Exclude images; transcribe the rest of the data exactly.

Given entries |
[Start of section]
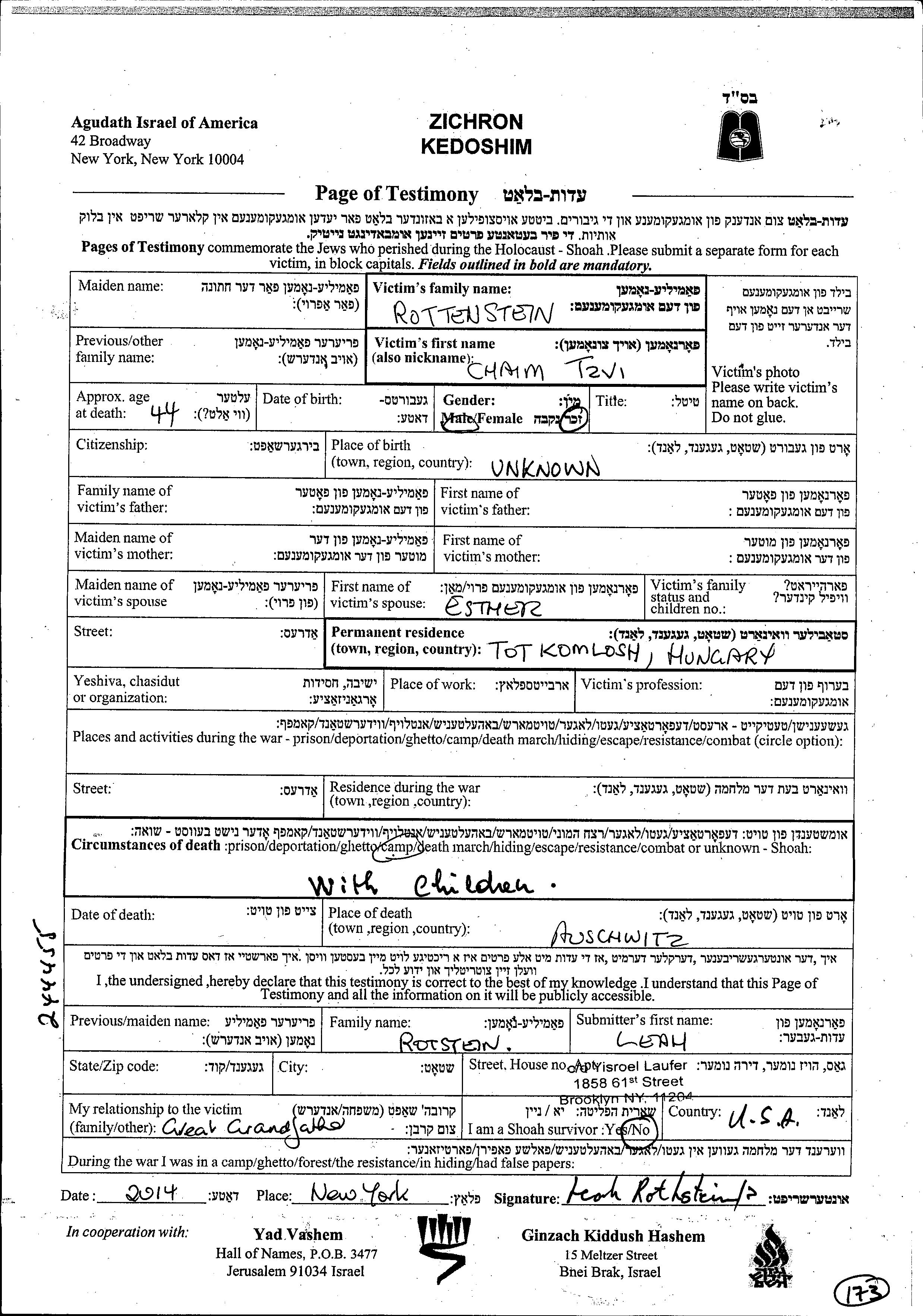 Хаим Цви Роттенштайн. Женат / замужем. Место жительства до войны: Тоткомлош, Венгрия.
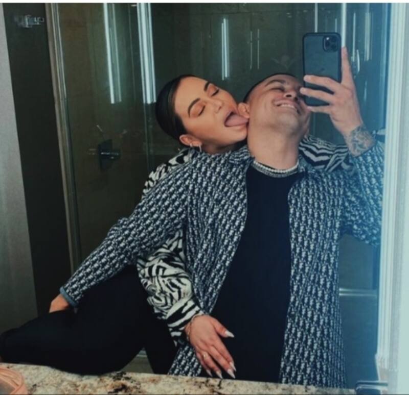 La fotografía que suscitó los rumores fue una que el fotógrafo de Karol G compartió a través de sus historias en Instagram en la que se puede ver que Chiquis lame la parte baja de su oreja mientras lo abraza con la otra mano.
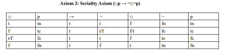 • KDm narrows this slightly (t, f, t/f), with t/f only for fc, as seriality rules out
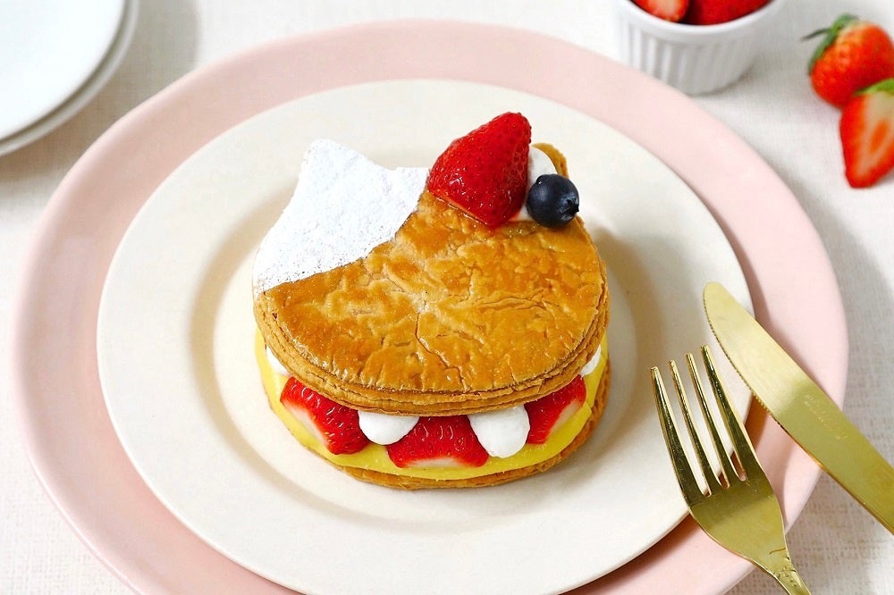 そんなニャーニャーの日に合わせて、ねこをモチーフにしたスイーツが期間限定で登場。3月の商品は、昨年販売し、大好評だった「ニャンともおいしいミルフィーユ 苺」です。
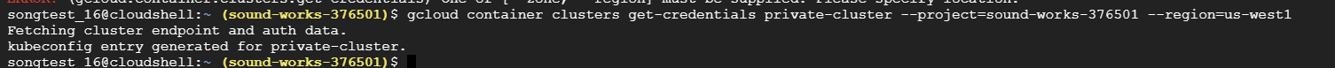gcloud container clusters get-credentials private-cluster --project=sound-works-376501 --region=us-west1
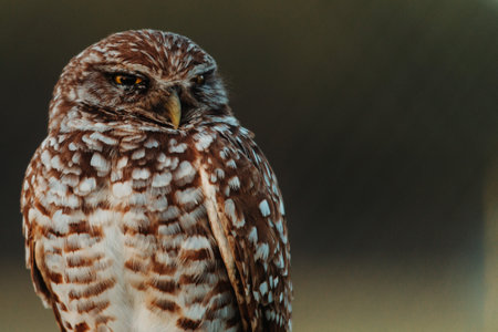 A selective focus shot of a burrowing owl outdoors during daylight
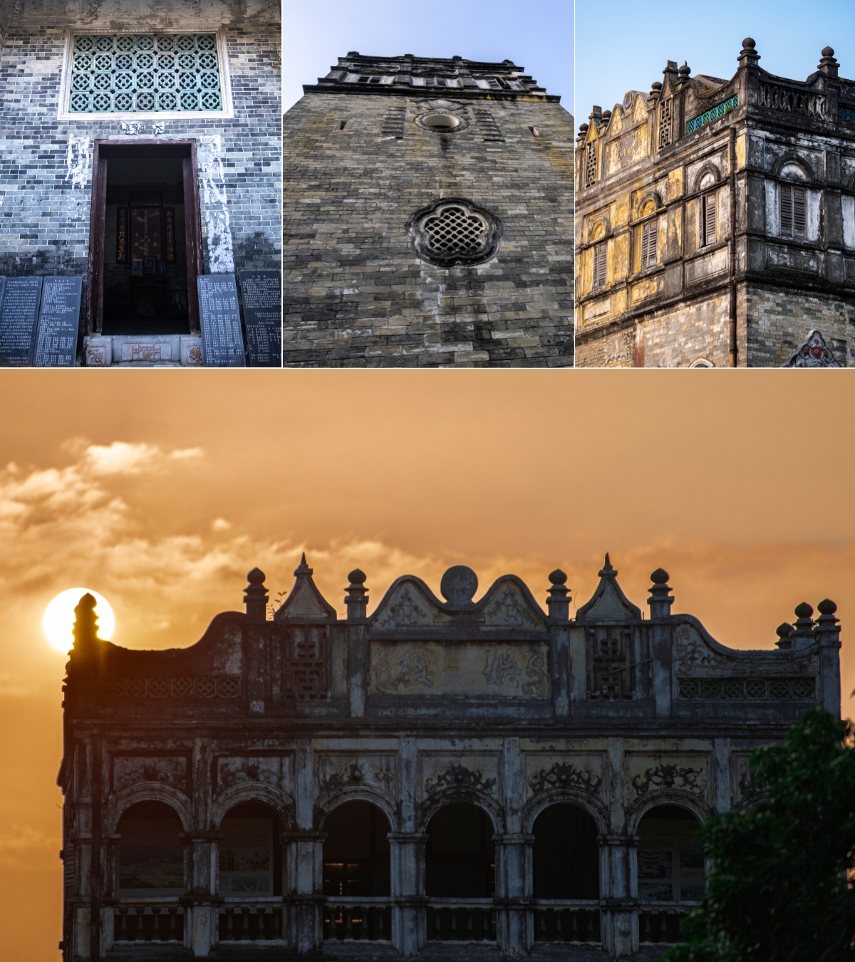 榜山村的古建筑群巧妙融合了中西建筑风格,既有西洋风格的山字形拱顶间墙、古罗马柱式开窗,又有中式风格的歇山顶重檐、马头墙,展现出独特的艺术魅力。
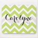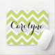 Customizable mousepad featuring beige and spring green chevron pattern with modern calligraphy script. A stylish pop of colour, perfect as a gift.
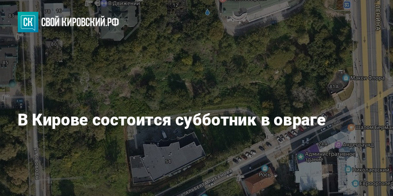 В Кирове состоится городской субботник в овраге Засора между улицами Ленина, Свободы, Герцена и Альберта Лиханова. Мероприятие пройдёт 11 октября в 11:00.
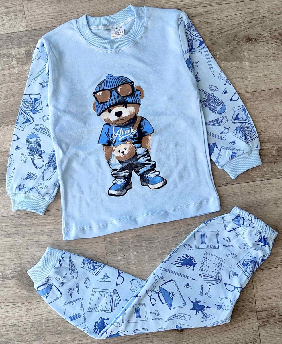 Пижама Supermini "Мишка" голубой, мальчик 4-5-6 лет оптом уп. - 3 шт.
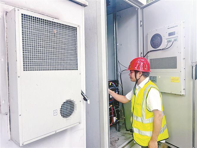 厦门铁塔公司人员在黄地村基站检修设备。(厦门铁塔 供图)
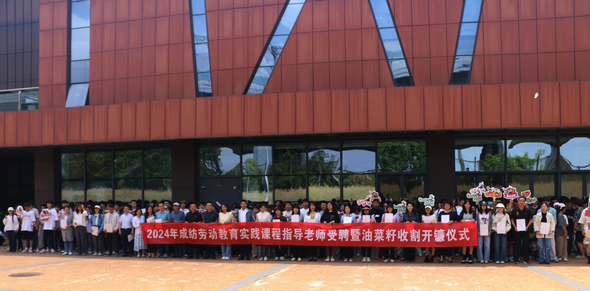 4月22日,学校在劳动教育种植实践基地举行2024年成纺劳动教育实践课程指导老师受聘暨油菜籽收割开镰仪式。党委常委、副校长蒲冰远出席,学创处相关负责人,各学院党总支书记、副书记以及负责劳动教育专职辅导员等230名师生参加活动。
[End of section]
Expected output |
 Хаим Цви Роттенштайн. Женат / замужем. Место жительства до войны: Тоткомлош, Венгрия.
 La fotografía que suscitó los rumores fue una que el fotógrafo de Karol G compartió a través de sus historias en Instagram en la que se puede ver que Chiquis lame la parte baja de su oreja mientras lo abraza con la otra mano.
 • KDm narrows this slightly (t, f, t/f), with t/f only for fc, as seriality rules out
 そんなニャーニャーの日に合わせて、ねこをモチーフにしたスイーツが期間限定で登場。3月の商品は、昨年販売し、大好評だった「ニャンともおいしいミルフィーユ 苺」です。
gcloud container clusters get-credentials private-cluster --project=sound-works-376501 --region=us-west1
 A selective focus shot of a burrowing owl outdoors during daylight
 榜山村的古建筑群巧妙融合了中西建筑风格,既有西洋风格的山字形拱顶间墙、古罗马柱式开窗,又有中式风格的歇山顶重檐、马头墙,展现出独特的艺术魅力。
 Customizable mousepad featuring beige and spring green chevron pattern with modern calligraphy script. A stylish pop of colour, perfect as a gift.
 В Кирове состоится городской субботник в овраге Засора между улицами Ленина, Свободы, Герцена и Альберта Лиханова. Мероприятие пройдёт 11 октября в 11:00.
 Пижама Supermini "Мишка" голубой, мальчик 4-5-6 лет оптом уп. - 3 шт.
 厦门铁塔公司人员在黄地村基站检修设备。(厦门铁塔 供图)
 4月22日,学校在劳动教育种植实践基地举行2024年成纺劳动教育实践课程指导老师受聘暨油菜籽收割开镰仪式。党委常委、副校长蒲冰远出席,学创处相关负责人,各学院党总支书记、副书记以及负责劳动教育专职辅导员等230名师生参加活动。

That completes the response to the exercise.